En el avión, siéntate como puedas y observa: azafatas notablemente menos agraciadas de lo habitual (toque machista insoslayable), azafatos con desorden capilar nada espontáneo, amabilidad precaria y más impostada de lo habitual ("viajáis barato, chicos, no esperéis gran cosa", parecen decir). Horario de despegue más o menos puntual. Empieza el show: ofertas de periódicos con un ligero recargo sobre su precio en quioscos ("den el importe justo, por favor"), jueguecito de rasca y gana por dos euritos, tienda a bordo ("precios imbatibles, oigan"), tarjetas para móviles por cuatro chavos, radio taxi asegurado por unas monedas.

Ante la imposibilidad metafísica de leer, cierro la novela ("Todo eso para qué" de Lionel Shriver, una escritora que me deslumbró con "La vida después del cumpleaños"), observo el auto sacramental que tiene lugar ante mis ojos, y los azares neuronales, ese flash de la memoria que se cruza inopinadamente con la realidad, me llevan a una situación parecida (es un decir), en otra época, lejana pero que ahora se me presenta nítida en el aeropuerto de Budapest, últimos años setenta, con el régimen comunista en sus estertores pero de cuerpo presente. La espita que ha abierto la compuerta de los recuerdos ha sido un color, el amarillento de los asientos del avión. No sé si la memoria me engaña como de costumbre (embellecemos, pulimos, tergiversamos los recuerdos), pero en aquel tétrico aeropuerto de paredes desconchadas y color indescriptible, quizás ese marrón amarillento que me ha trasportado en el laberinto de la memoria, con sus pasillos festoneados de militares amenazantes y funcionarios escrutadores, viví la apoteosis del régimen delirantemente igualitario, palpablemente fraudulento y liberticida.

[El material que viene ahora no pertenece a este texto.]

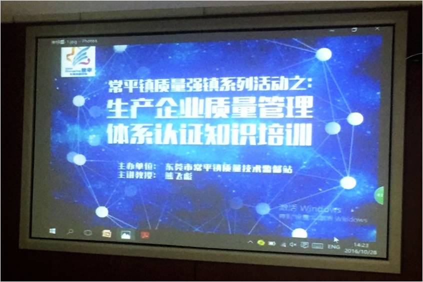近日,东莞市常平镇质监站主办了常平镇质量强镇系列活动,方圆广东公司作为常平镇特邀技术单位,于10月28日为常平镇80多个生产型企业进行了“体系认证知识培训”。

Ahora, en el avión de bajo coste vivo una orgía del régimen ganador en la contienda cósmica ("el fin de la historia", según Fukuyama), el capitalismo descarnado, cutre, obsceno, donde todo tiene su precio. Una periodista en vuelo nos augura un sobrecoste para los más altos, más gordos, menos standard. O quizás billetes sin derecho a asiento, agarrados de un lazo de cuero, como en el inefable coche Melis que nos subía del puerto...
Uno elige Cáceres por su legendario casco antiguo suspendido en el tiempo y en el espacio, una especie de realidad virtual para evadirse de la cruda y agobiante actualidad de las primas de riesgo y cuñadas de déficit, un oasis de paz seráfica, silencio monacal y, a punto del nirvana, cuando cruza el último recodo que da acceso a la mítica Plaza Mayor y se encuentra con una enorme covacha de lona y hierro casi le provoca un desprendimiento de neuronas prematuramente eufóricas. De pronto, retumba estruendosamente un rap…

-Aggg, ¿qué c. es esto?
-Ensayos, señor (cuando la barba blanquea te llaman inevitablemente así).
-¿Un… concierto? (uso la palabra con reticentes pinzas: para mí un concierto siempre será un concierto instrumental de música de verdad)
-¡Es el WOMAD, señor!
-¿El qué?
-Dos días, mañana y pasado, música étnica, señor, sin pausa, vienen chicos de todo el mundo.
-¿Y hoy?, ¿qué ocurre hoy?, pregunto con creciente desesperación ante la magnitud de la catástrofe acústico-etílica que se cierne sobre los incautos viajeros.
- Sólo un poco de ensayo, señor…

Al cabo de media hora tormentosa, se hace el silencio y la plaza recupera su magia. Nos sentamos y pedimos unas tostas con torta del casar, el mejor queso del mundo, o por lo menos el único que prefiero al menorquín semicurado. Y allí en la beatitud de aquella plaza, sentados de espalda a la horrenda cueva de los estruendos pienso en uno de los misterios de nuestra era: ¿Por qué tantos jóvenes confunden música y esparcimiento con estrépito y botellón? Cosas de viejo.

17-V-12
Sentado en la imponente plaza de Trujillo, ante la no menos intimidante estatua ecuestre de Pizarro, el conquistador de Perú, recibo un e-mail de José Antonio Fortuny (bueno me lo hace saber mi cibernética esposa, siempre con la tableta presta) en el que me comunica la inminente llegada a las librerías de su novela "Alehop" que tuvo la gentileza de dejarme leer en rigurosa primicia hace un par de meses.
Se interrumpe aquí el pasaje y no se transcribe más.